§ **Work instructions**
Return the material below exactly, but only from the line with "Byt je řešen" through the line with "为深化校企合作,促进人才链与", and without its pictures.
(Record set Opens)
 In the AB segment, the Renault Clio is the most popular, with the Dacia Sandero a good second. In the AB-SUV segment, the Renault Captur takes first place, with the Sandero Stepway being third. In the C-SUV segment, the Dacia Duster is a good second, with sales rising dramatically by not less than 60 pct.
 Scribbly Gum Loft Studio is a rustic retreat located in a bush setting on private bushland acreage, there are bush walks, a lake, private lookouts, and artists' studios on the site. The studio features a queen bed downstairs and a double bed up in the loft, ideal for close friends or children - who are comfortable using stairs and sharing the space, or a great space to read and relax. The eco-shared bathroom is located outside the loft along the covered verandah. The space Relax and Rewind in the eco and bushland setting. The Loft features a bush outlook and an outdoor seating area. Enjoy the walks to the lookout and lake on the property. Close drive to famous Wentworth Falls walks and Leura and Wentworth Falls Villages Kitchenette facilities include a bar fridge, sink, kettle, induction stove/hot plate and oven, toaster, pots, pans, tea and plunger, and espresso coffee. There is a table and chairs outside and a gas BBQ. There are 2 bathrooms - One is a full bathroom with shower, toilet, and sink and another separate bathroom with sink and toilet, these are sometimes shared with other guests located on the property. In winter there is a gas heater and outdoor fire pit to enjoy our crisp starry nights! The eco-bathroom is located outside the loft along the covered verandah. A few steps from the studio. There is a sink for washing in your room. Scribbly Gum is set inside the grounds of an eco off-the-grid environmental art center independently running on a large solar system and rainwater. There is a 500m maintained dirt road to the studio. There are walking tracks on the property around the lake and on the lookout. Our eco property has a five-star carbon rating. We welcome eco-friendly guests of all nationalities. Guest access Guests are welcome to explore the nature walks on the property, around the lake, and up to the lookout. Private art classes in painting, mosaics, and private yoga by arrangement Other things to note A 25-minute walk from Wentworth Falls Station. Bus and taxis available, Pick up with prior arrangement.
(Record set Closes)
(Record set Opens)
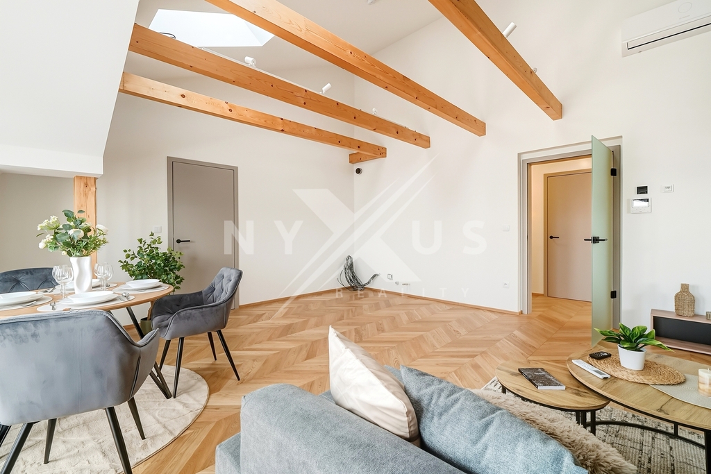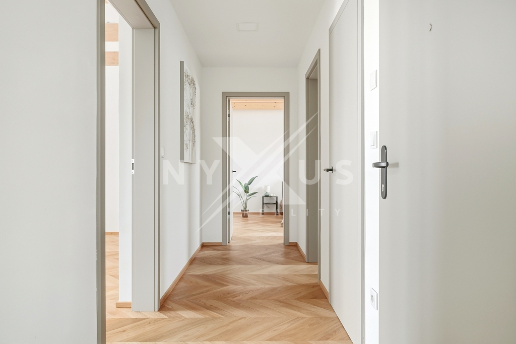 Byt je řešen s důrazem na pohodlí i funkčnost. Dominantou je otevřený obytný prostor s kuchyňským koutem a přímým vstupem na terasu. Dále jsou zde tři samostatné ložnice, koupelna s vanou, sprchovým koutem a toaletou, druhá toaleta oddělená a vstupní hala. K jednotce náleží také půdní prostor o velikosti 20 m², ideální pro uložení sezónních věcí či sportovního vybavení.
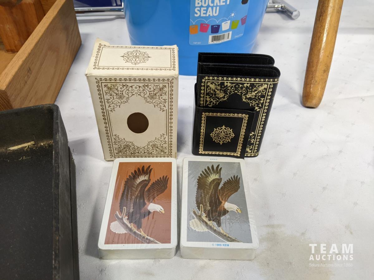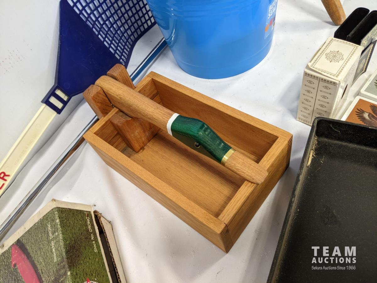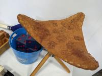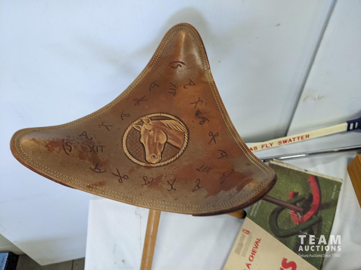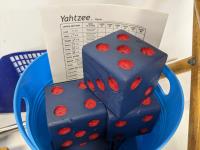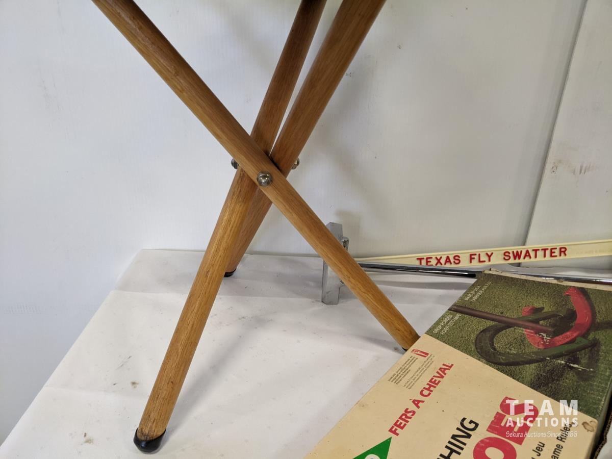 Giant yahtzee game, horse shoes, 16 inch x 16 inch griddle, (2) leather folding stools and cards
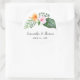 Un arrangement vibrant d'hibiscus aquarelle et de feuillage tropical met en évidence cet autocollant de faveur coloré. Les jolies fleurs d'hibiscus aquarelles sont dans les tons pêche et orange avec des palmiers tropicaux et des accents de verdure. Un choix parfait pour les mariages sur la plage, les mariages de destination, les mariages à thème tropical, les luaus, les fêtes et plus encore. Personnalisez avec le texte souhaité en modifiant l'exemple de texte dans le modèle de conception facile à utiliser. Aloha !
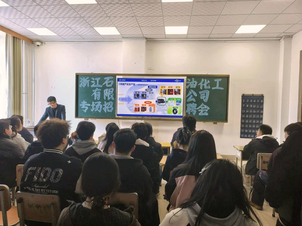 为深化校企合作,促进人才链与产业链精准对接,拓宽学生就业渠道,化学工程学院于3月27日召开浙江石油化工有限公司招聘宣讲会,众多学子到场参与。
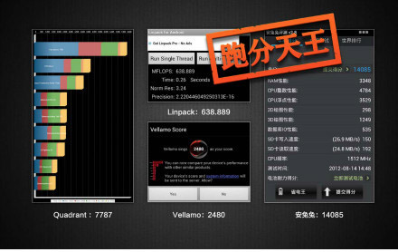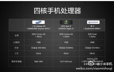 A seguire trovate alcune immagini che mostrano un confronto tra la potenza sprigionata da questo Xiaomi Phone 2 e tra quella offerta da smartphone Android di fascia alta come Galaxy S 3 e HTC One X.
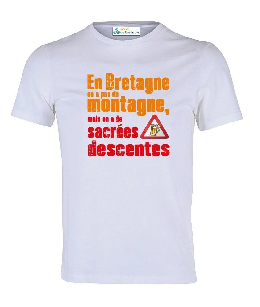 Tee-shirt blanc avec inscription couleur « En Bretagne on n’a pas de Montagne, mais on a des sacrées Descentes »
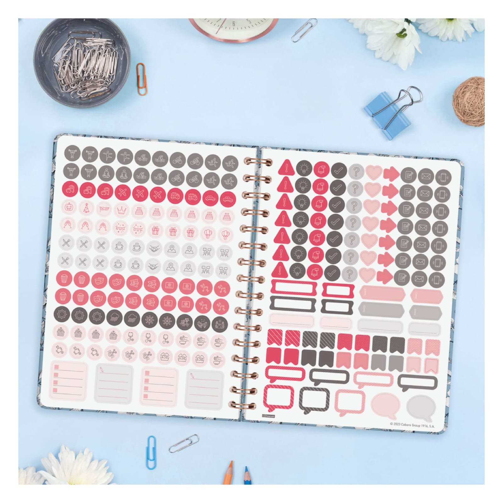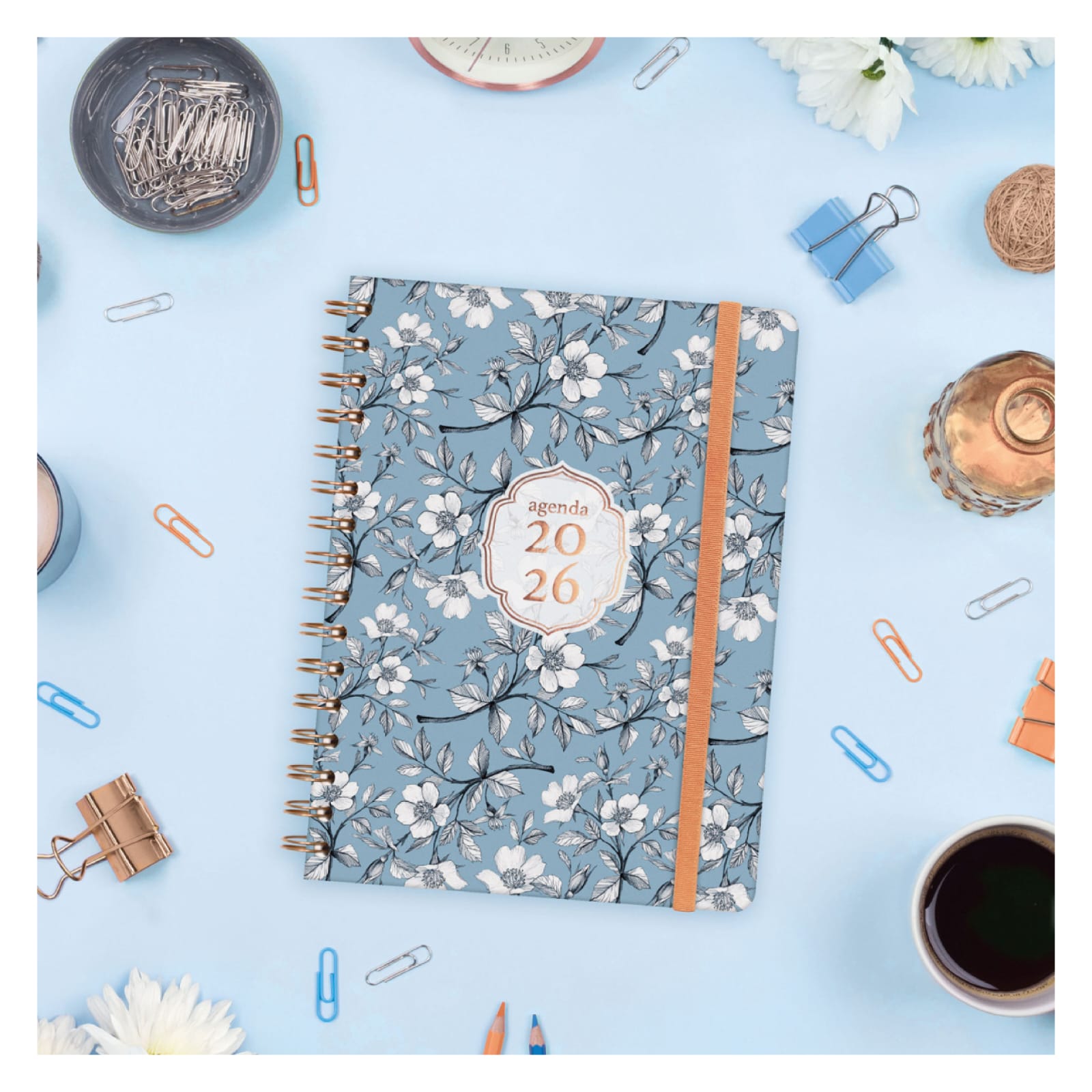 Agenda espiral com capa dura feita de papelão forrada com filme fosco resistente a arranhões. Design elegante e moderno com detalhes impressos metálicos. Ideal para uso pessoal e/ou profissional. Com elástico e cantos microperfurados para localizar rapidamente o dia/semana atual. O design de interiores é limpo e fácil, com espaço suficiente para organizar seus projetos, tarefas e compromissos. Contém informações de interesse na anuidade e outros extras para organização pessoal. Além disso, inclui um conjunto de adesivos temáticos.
(Record set Closes)
§ **Response below**
 Byt je řešen s důrazem na pohodlí i funkčnost. Dominantou je otevřený obytný prostor s kuchyňským koutem a přímým vstupem na terasu. Dále jsou zde tři samostatné ložnice, koupelna s vanou, sprchovým koutem a toaletou, druhá toaleta oddělená a vstupní hala. K jednotce náleží také půdní prostor o velikosti 20 m², ideální pro uložení sezónních věcí či sportovního vybavení.
 Giant yahtzee game, horse shoes, 16 inch x 16 inch griddle, (2) leather folding stools and cards
 Un arrangement vibrant d'hibiscus aquarelle et de feuillage tropical met en évidence cet autocollant de faveur coloré. Les jolies fleurs d'hibiscus aquarelles sont dans les tons pêche et orange avec des palmiers tropicaux et des accents de verdure. Un choix parfait pour les mariages sur la plage, les mariages de destination, les mariages à thème tropical, les luaus, les fêtes et plus encore. Personnalisez avec le texte souhaité en modifiant l'exemple de texte dans le modèle de conception facile à utiliser. Aloha !
 为深化校企合作,促进人才链与产业链精准对接,拓宽学生就业渠道,化学工程学院于3月27日召开浙江石油化工有限公司招聘宣讲会,众多学子到场参与。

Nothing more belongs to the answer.